- Born: 1987 (age 38–39) Venice
- Education: Università Iuav di Venezia, École cantonale d'art de Lausanne
- Occupations: Designer, product designer, interior architect
- [edit on Wikidata]
- Website: zanellatobortotto.com

= Giorgia Zanellato =

Italian designer

Giorgia Zanellato is an Italian designer of furniture, lighting, household and decorative objects.

== Biography ==
Giorgia Zanellato was born in Venice. She graduated from the IUAV University in Venice, and then completed a Master's Degree in Product Design at the École cantonale d'art de Lausanne in Switzerland.
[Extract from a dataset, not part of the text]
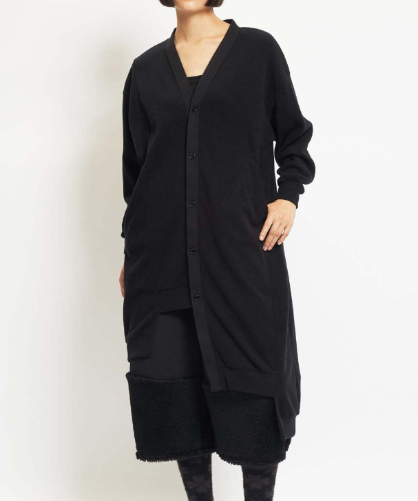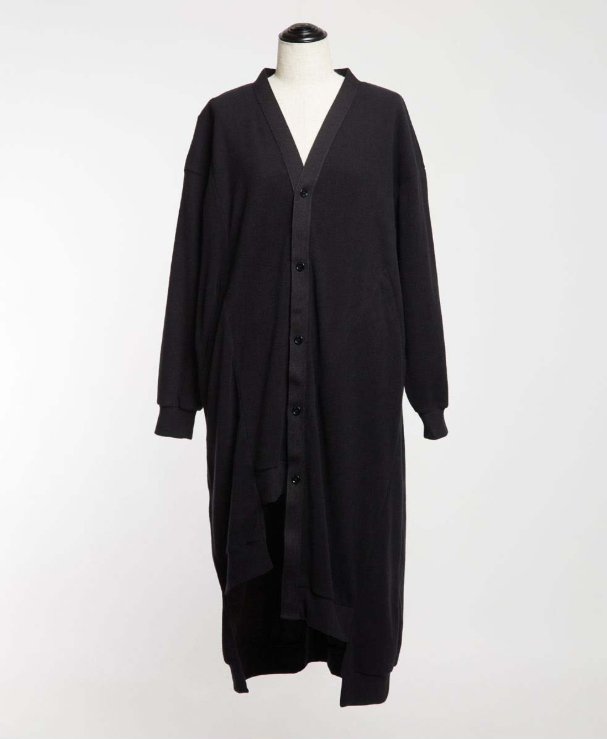 ロング丈のリラックス感あるシルエットが特徴のカーディガン

She is the co-founder of Zanellato/Bortotto, a design studio that has worked in the furniture, lighting, accessories, and interior architecture sectors for companies such as Louis Vuitton, De Castelli, Incalmi, Ethimo, Del Savio, Pierre Frey, Saba, Bolzan Letti, and Botteganove.

In 2023 she and Daniele Bortotto were selected by the French Academy to redesign guest rooms at the Villa Medici in Rome.

She was a fellow at the American Academy in Rome. Her work has been exhibited in the Triennale Design Museum in Milan, the MAXXI museum in Rome, and London's Aram Gallery.